The Secure School will be home to up to 49 children at any one time – both boys and girls – and every young offender will be enrolled in formal education or training and encouraged into further study or secure employment on release.
Staff will be trained to offer one-to-one learning support and they will set challenging targets in core academic subjects such as English and Maths. Ofsted inspectors will hold the establishment to the same standards as all other schools and secure children’s homes nationwide, ensuring the highest possible standards.
Young offenders will also be trained in workshops designed to give them the qualifications necessary to go straight into employment or further study on release, including barbering, design technology and catering.

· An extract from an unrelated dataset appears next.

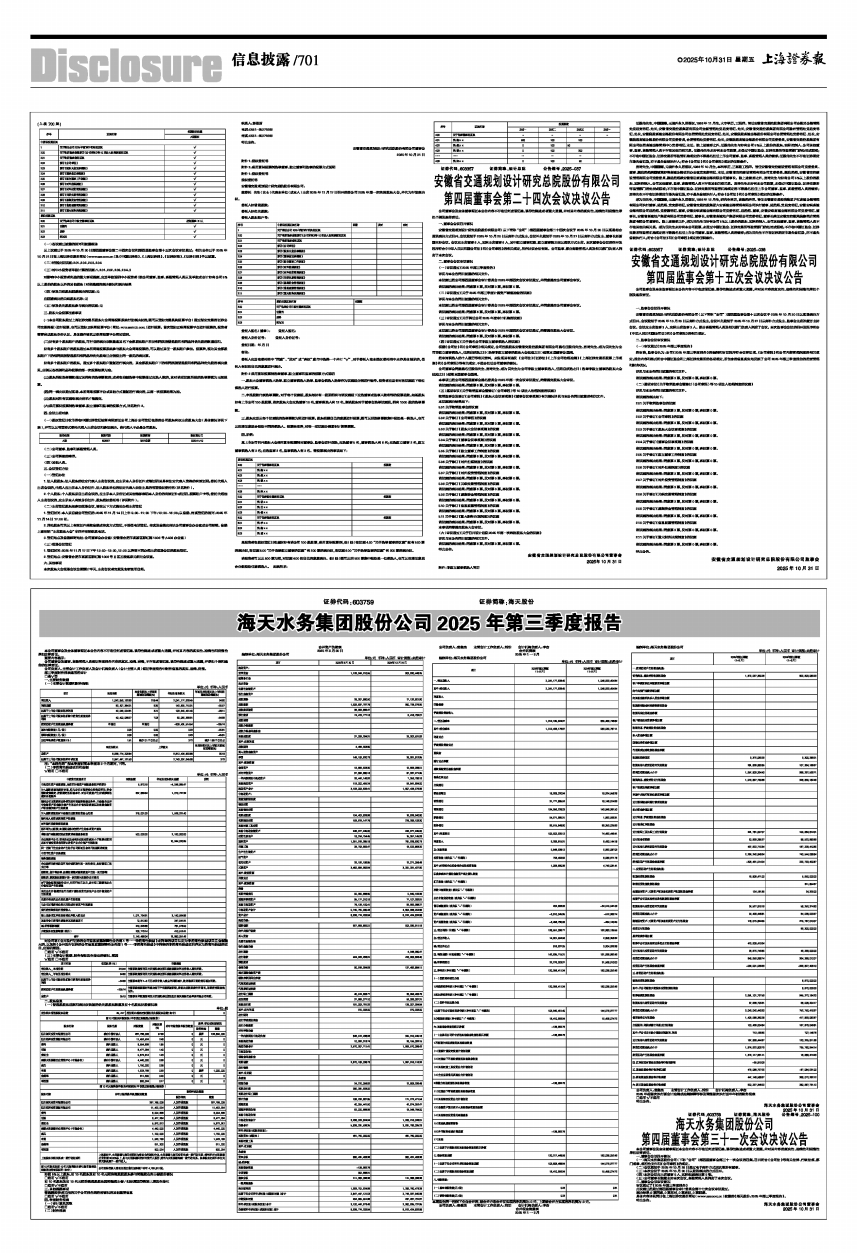 安徽省交通规划设计研究总院股份有限公司(以下简称“公司”)第四届董事会第二十四次会议于2025年10月30日以现场结合通讯表决方式召开,会议通知于2025年10月20日以邮件方式发出,会议补充通知于2025年10月27日以邮件方式发出。董事长苏新国主持会议。会议应出席董事6人,实际出席董事6人,其中独立董事纪敏、独立董事陈艾荣以通讯方式出席。本次董事会会议的召开及程序符合《中华人民共和国公司法》和《公司章程》的相关规定,所作决议合法有效。公司监事、部分高级管理人员及相关部门负责人列席了本次会议。

Placement decisions will be made internally by the Youth Custody Service in the usual way, subjected to thorough risk assessments and with safety at the forefront of the process.
Young people will be supervised by highly trained staff and the secure site has the same rigorous security procedures as other custodial settings for children.
Prisons and Probation Minister Edward Argar visited the school in Rochester, Kent, yesterday (16 May 2024) to see how this new approach to youth justice will turn young offenders into law-abiding adults when it opens in the coming weeks.
Thanks to sustained efforts by this government to tackle crime by children, there has been an 82% drop in the number of young offenders in youth custody since 2010.
But the few hundred children left have complex needs, such as serious mental health problems and poor education, and have often committed serious offences.
Oasis Restore Secure School will put education and healthcare at the heart of steering young offenders away from gangs and knife crime.
The design is based on international research which shows that smaller settings, high-quality education and healthcare, plus a specialised workforce of teachers and youth workers are the key to successfully turning the lives of young people in custody around.
This new approach was recommended by the now Chief Inspector of Prisons, Charlie Taylor, who conducted a wholesale review of youth justice while chair of the Youth Justice Board.